> What to produce
Look below for the line with "UGGA boční stěna, 800mm, sklo" and the line with "I was most excited". Copy exactly those two lines and every line between, but not the pictures.

> Supplied material
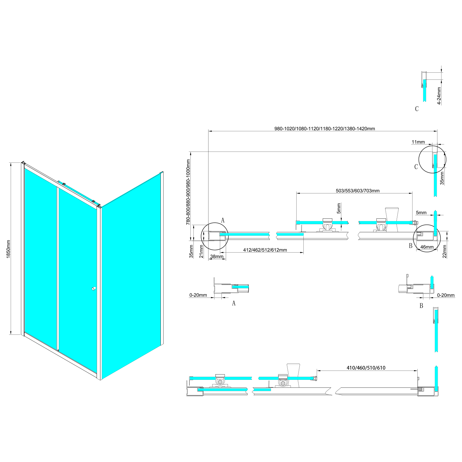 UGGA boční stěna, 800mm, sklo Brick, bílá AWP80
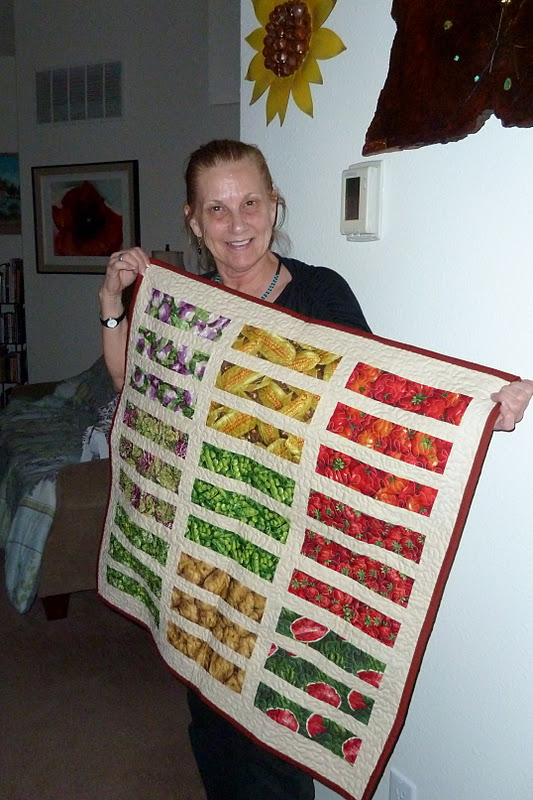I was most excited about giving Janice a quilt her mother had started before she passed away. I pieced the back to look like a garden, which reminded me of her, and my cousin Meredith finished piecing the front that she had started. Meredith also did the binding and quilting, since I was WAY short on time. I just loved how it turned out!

...

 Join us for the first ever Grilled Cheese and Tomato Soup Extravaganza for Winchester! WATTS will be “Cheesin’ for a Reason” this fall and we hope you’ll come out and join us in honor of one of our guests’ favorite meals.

> Response to the task
 UGGA boční stěna, 800mm, sklo Brick, bílá AWP80
I was most excited about giving Janice a quilt her mother had started before she passed away. I pieced the back to look like a garden, which reminded me of her, and my cousin Meredith finished piecing the front that she had started. Meredith also did the binding and quilting, since I was WAY short on time. I just loved how it turned out!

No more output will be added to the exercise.